(24) The section entitled “Capitalization” on page 59 is amended in its entirety to read as set forth on Exhibit B below.
(25) The section entitled “Dilution” starting on page 60 is amended in its entirety to read as set forth on Exhibit C below.
(26) Amend the fifth paragraph under the heading of “Digital Financial Services” on page 68 to read as follows:
Also in June 2020, we entered into a binding term sheet pursuant to which we expect to acquire 55% of CapBridge Financial Pte. Ltd.’s equity interest. We expect to complete the proposed acquisition in the early part of 2022. The completion of our proposed acquisition of CapBridge is subject to a number of conditions, including negotiation of terms of the transaction, MAS approval, and satisfaction of our closing obligations.

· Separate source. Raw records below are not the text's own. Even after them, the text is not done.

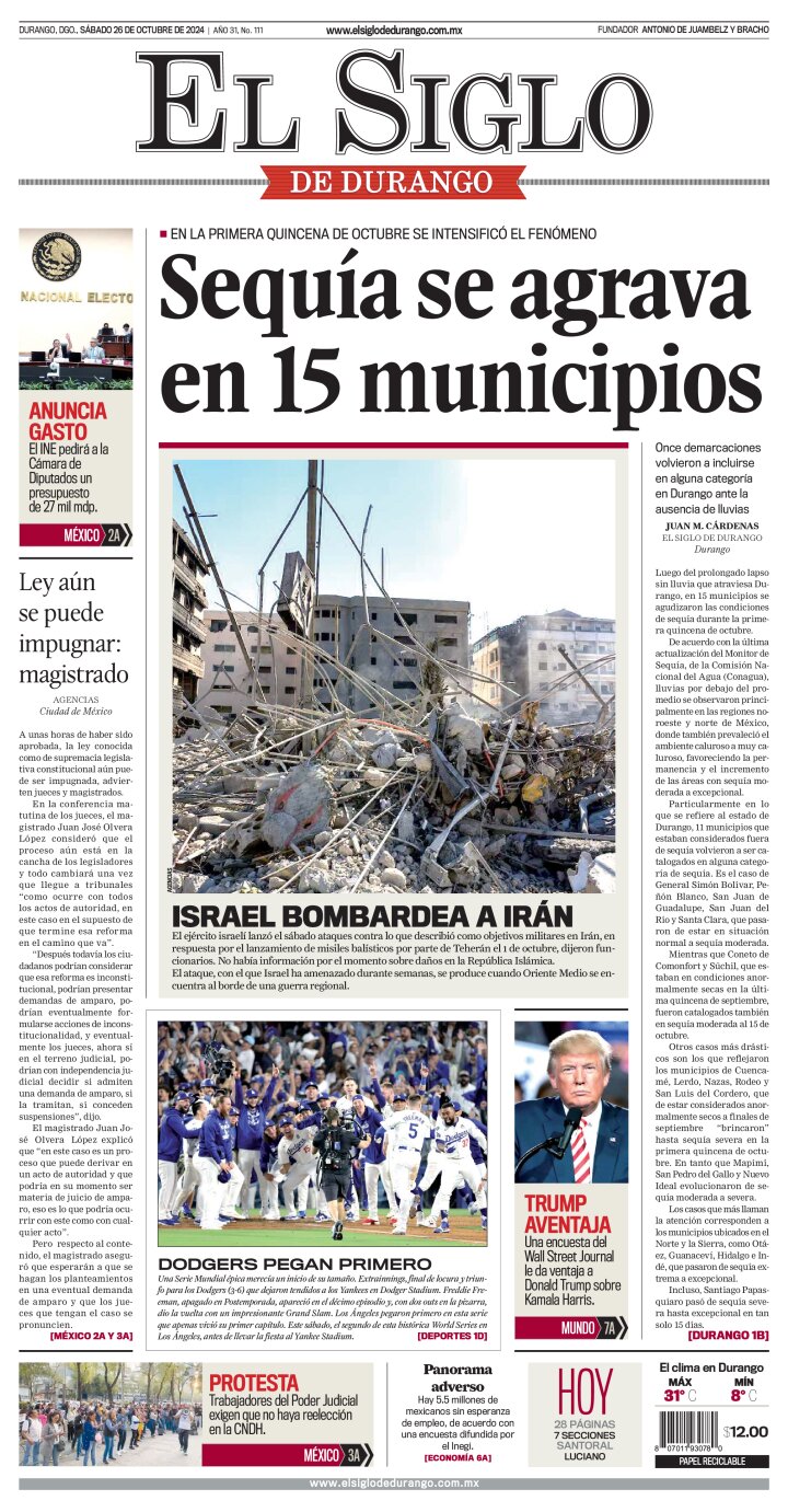 Edición impresa de El Siglo de Durango del sábado 26 de octubre de 2024
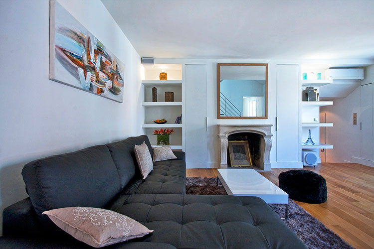 Located in the heart of the Left Bank in Paris, France, this stylish modern duplex apartment has a terrace with view of the Eiffel Tower. The 66 square meter (710 sq. ft.) apartment is housed in an 18th century building on a quiet cobble stone street. The living area has an original stone fireplace and oak hardwood floors and a modern open kitchen. The bamboo-and-plant terrace features a seating area for meals and relaxation.
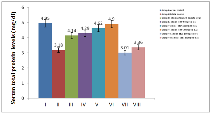 Fig. 4: Effect of Eriobotrya japonica fruits and seeds on serum total protein levels in alloxan-induced diabetic rats

(27) Amend the first paragraph under the heading of on page 69 to read as follows:
The following table sets forth the name change history and licenses held by our company and subsidiaries (the proposed acquisition of CapBridge is subject to negotiation of terms of the transactions, MAS approval, and satisfaction of our closing conditions).
(28) Amend the first paragraph under the heading of “Our Relationship with the Controlling Shareholder and Other Group Companies” on page 73 to read as follows:
AMTD Digital is the core of the AMTD SpiderNet, and hence, we have created a shareholding structure where the interest of all AMTD Group companies’ interests are aligned with those of AMTD Digital, ensuring seamless cooperation between the group companies and that maximum synergies will be achieved. As of the date of this prospectus, AMTD Digital Inc. is effectively 72.2%-owned by our Controlling Shareholder and its subsidiaries in aggregate, with our Controlling Shareholder owning 29.4%, AMTD International owning 10.4%, AMTD Education Group, or AMTD Education, owning 16.2%, and AMTD Assets owning 16.2% of our equity interests.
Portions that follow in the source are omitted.